The City boss was in hot water for comments he made during City's 3-0 defeat on Saturday towards the referee Phil Dowd and told the CT: "Every year you go to the league managers and referees meeting and this year is the campaign to respect referees, which I am all for.
"They have taken monitors out of the dugout but if I had seen the replay of the first challenge on the keeper that would have stopped me throwing my toys out of the pram because I would have said, 'Fair enough, I can see why he didn't give it.' A few things happened after that and then the penalty really got me to boiling point."

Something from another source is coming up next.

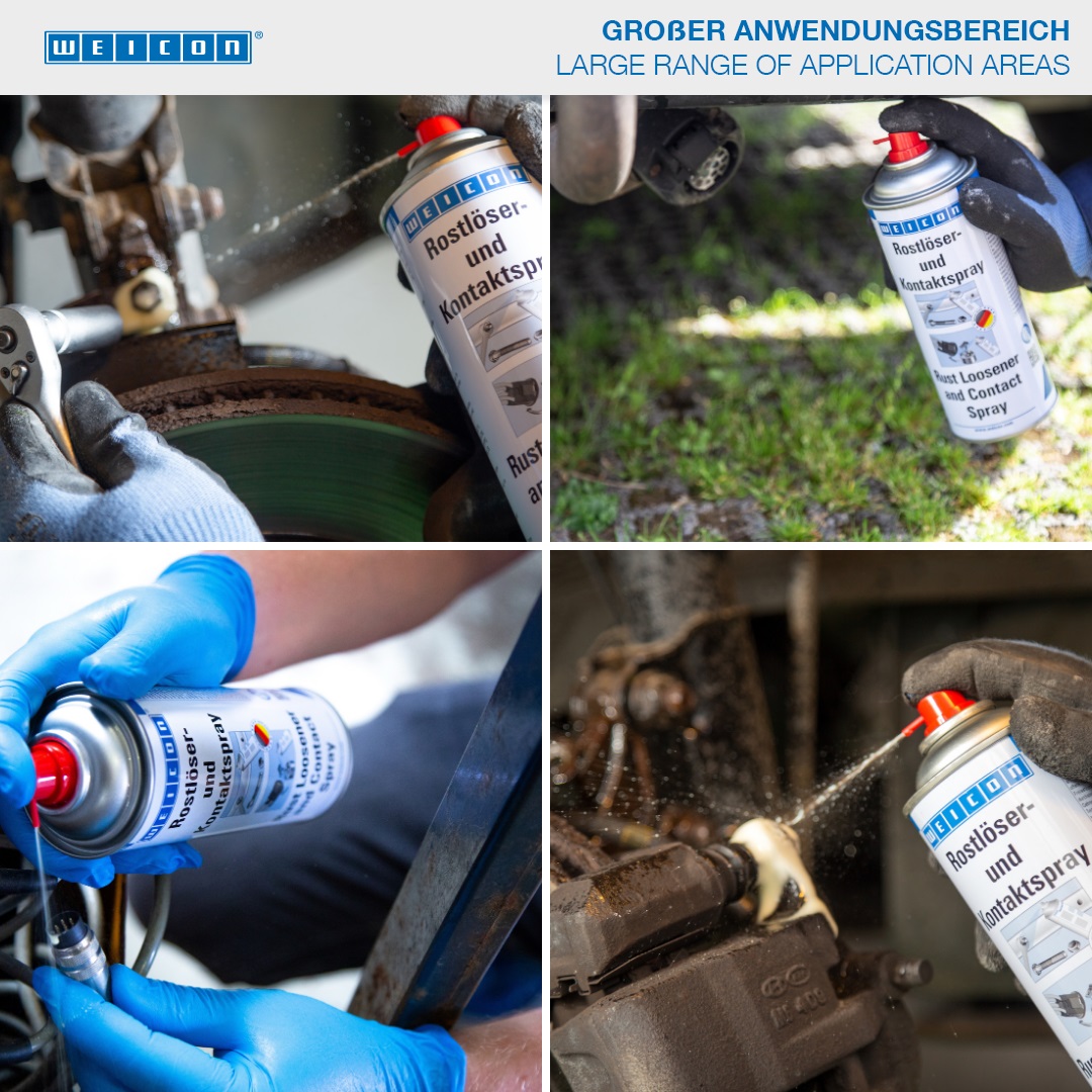 WEICON Rostlöser- und Kontaktspray ist durch seine 6-fach-Wirkung unentbehrlich bei Reparatur, Instandhaltung und Wartung. Durch die sehr guten Kriecheigenschaften dringt Rostlöser- und Kontaktspray auch in kleinste Zwischenräume. Mit dem 3-Wege Sprühventil sind Arbeiten in jeder Lage möglich (auch über Kopf). WEICON Rostlöser- und Kontaktspray löst festgerostete und schwergängige Bauteile, Verschraubungen, Bolzen, Gelenke und Scharniere, verdrängt Wasser von Zündanlagen, sichert die Funktion von mechanischen Teilen und Kontakten z.B. an Verteilerkappen und Zündkerzensteckern, schützt nachhaltig vor Korrosion und Oxidation, schmiert langanhaltend Gleitflächen und pflegt und säubert Metalloberflächen, mechanische Teile und elektrische Anlagen.

"I always had a monitor at Fulham and, more often than not, it stopped me confronting the referee because on a second look at it I could see that he has got it right rather than wrong. However, if I see he has got it wrong I am going to try and pull him on it.
"I know how hard it is to be a referee and we are trying to help them, but that doesn't mean covering up for them and hiding their mistakes.
"There are only two or three big decisions in a game, so an eight-second playback is nothing.
"Cricket, rugby, tennis have all got it and yet football is the biggest game in the world so I don't understand why we haven't got it because it is not making it harder for referees, it is making it easier.
"I haven't got a problem with Phil Dowd who is a very capable referee, although I had a problem with him in the first 45 minutes.
"It's a man's game and we have to behave in the right way - in that flashpoint I didn't behave and say the right things.
"It is all right saying resect the referees, but let's help them out by having monitors - more often than not, it will stop managers doing what I did on Saturday."